For a little over an hour, Stanhope kept the crowd on edge, while laughter filled the room, even more so than cigarette smoke, and his drunkenly profound muses turned heads, and no doubt sent more than a few stumbling home with altered consciousness.

Once his set was over, Stanhope exited the stage, promising he'd be going all night, after he took a break. But the encore would not be more stand-up, he told everyone, rather he would be inviting the audience up on stage to share real-life, fucked up stories they had experienced.

It was once this door was opened that the show took a quick nose-dive, with people coming up, turning should-be two-minute tales into long-winded, go-nowhere meanderings that even Stanhope had to get back up on stage and push to expedite the story.

It was at this point I was about ready to call it quits, more than pleased at Stanhope's lucid performance earlier that evening. But, just when I was ready to walk out of the club, Stanhope would pull the proverbial rabbit out of the hat by jumping up on stage, divulging a fucked up story from his life (or, breaking out bits and pieces of his stand-up routine he hadn't done earlier in the show), and once again get the crowd attentively on stage.

It went back and forth like this for awhile, before a female friend of Stanhope's jumped up on stage to talk about how she fucked a cop and found a dead man in the porn store she was working at, and Stanhope's own wife and opener Andy Andrist came up to talk about the time they teamed up to pick up a woman for Andrist.

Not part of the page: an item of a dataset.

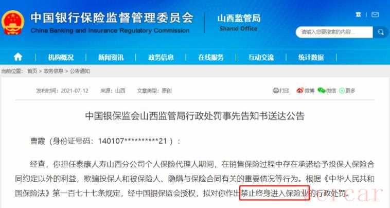 7月12日,银保监会山西管理局发布了一则行政处罚:
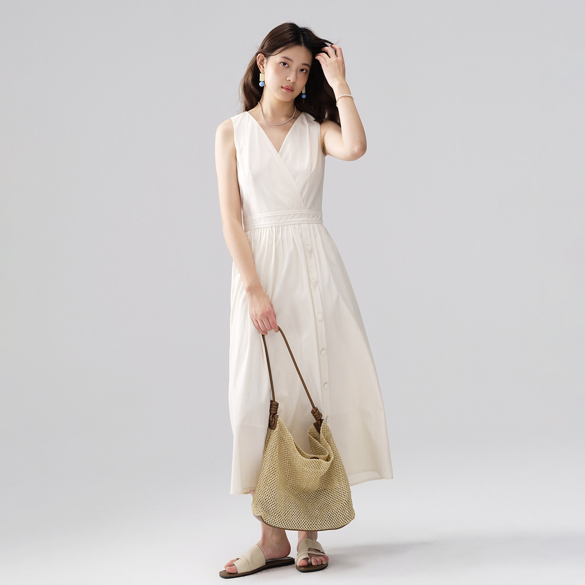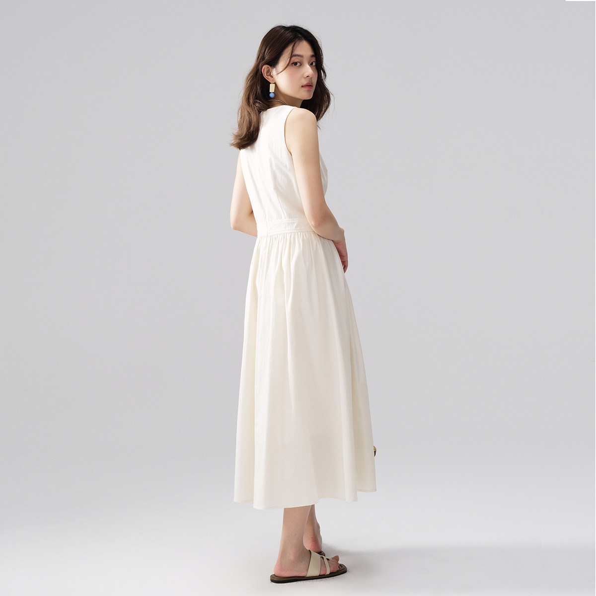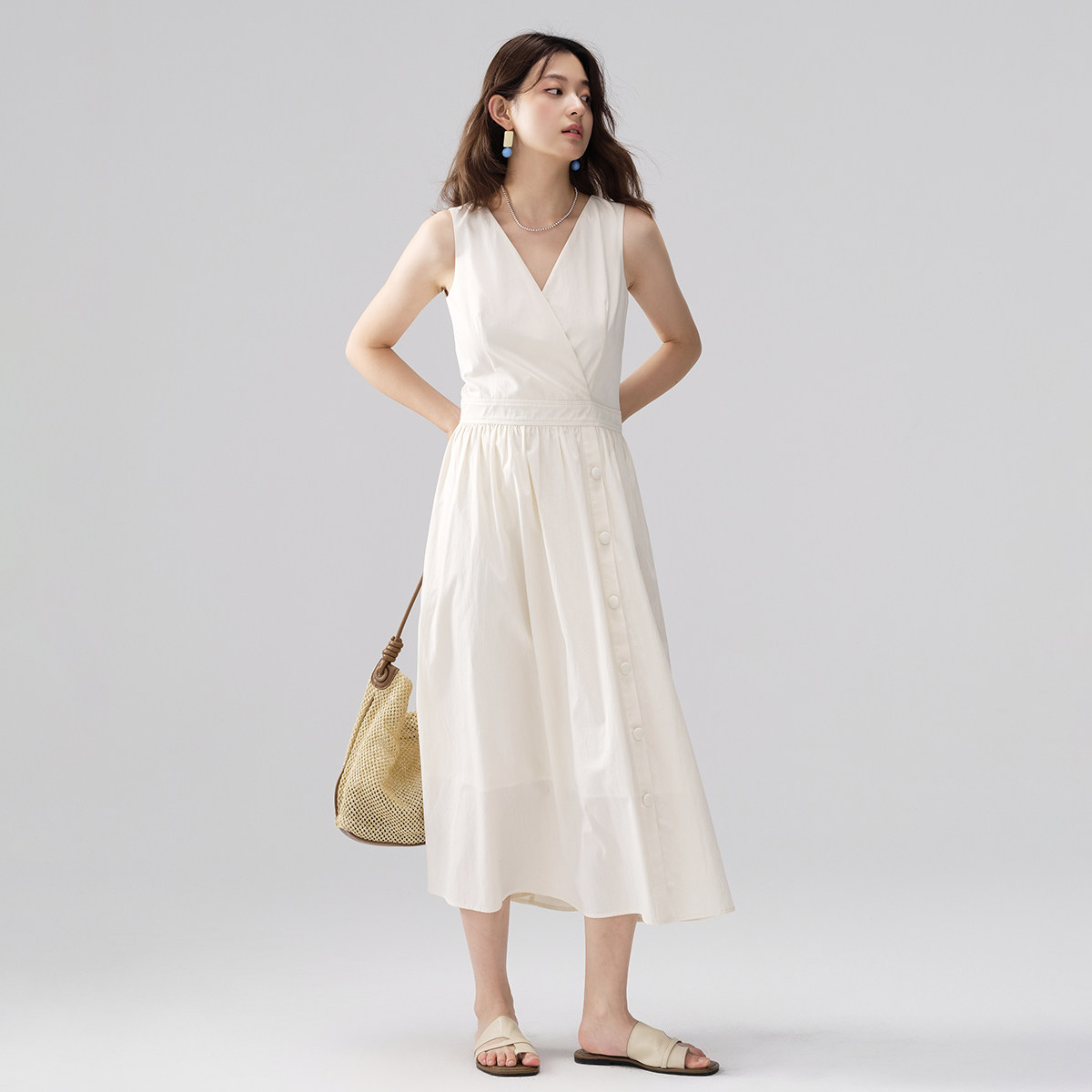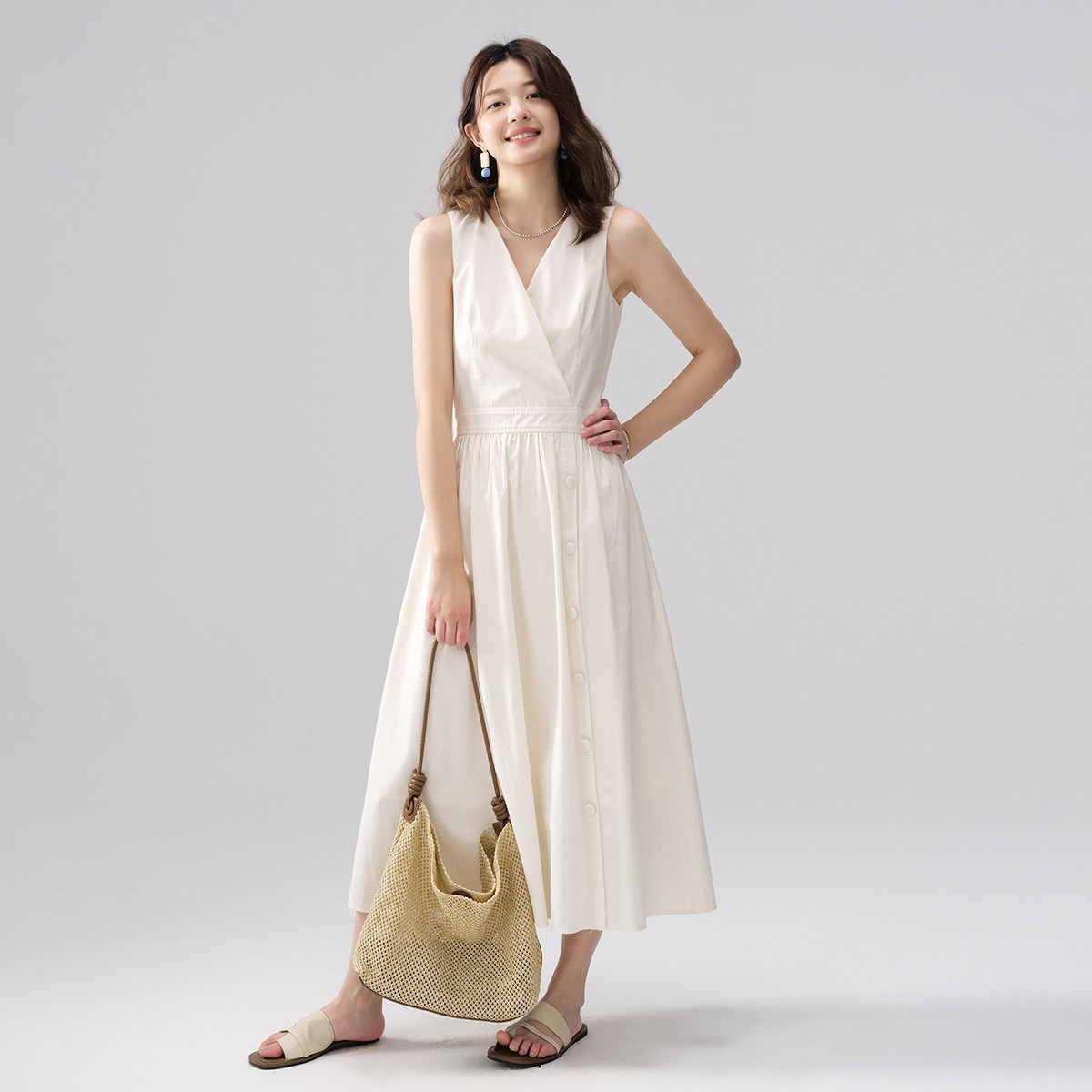 26年夏设计感收腰v领无袖背心裙a字连衣裙女纯棉高级感气质裙子

Stanhope knows his audience well, he knows how to play to them, and he knows how to bring them back when their interest is feigning. Tonight's performance was a memorable one (as it should be if they're gonna record it for future use), with Stanhope further convincing me of his comedic prowess. Never was there a moment when Stanhope dragged, lost his focus, or seemed to meander on stage without a point or purpose. The execution was flawless, and his delivery packed a punch equal to that of the material, a sharp sting if you lost focus for even a minute.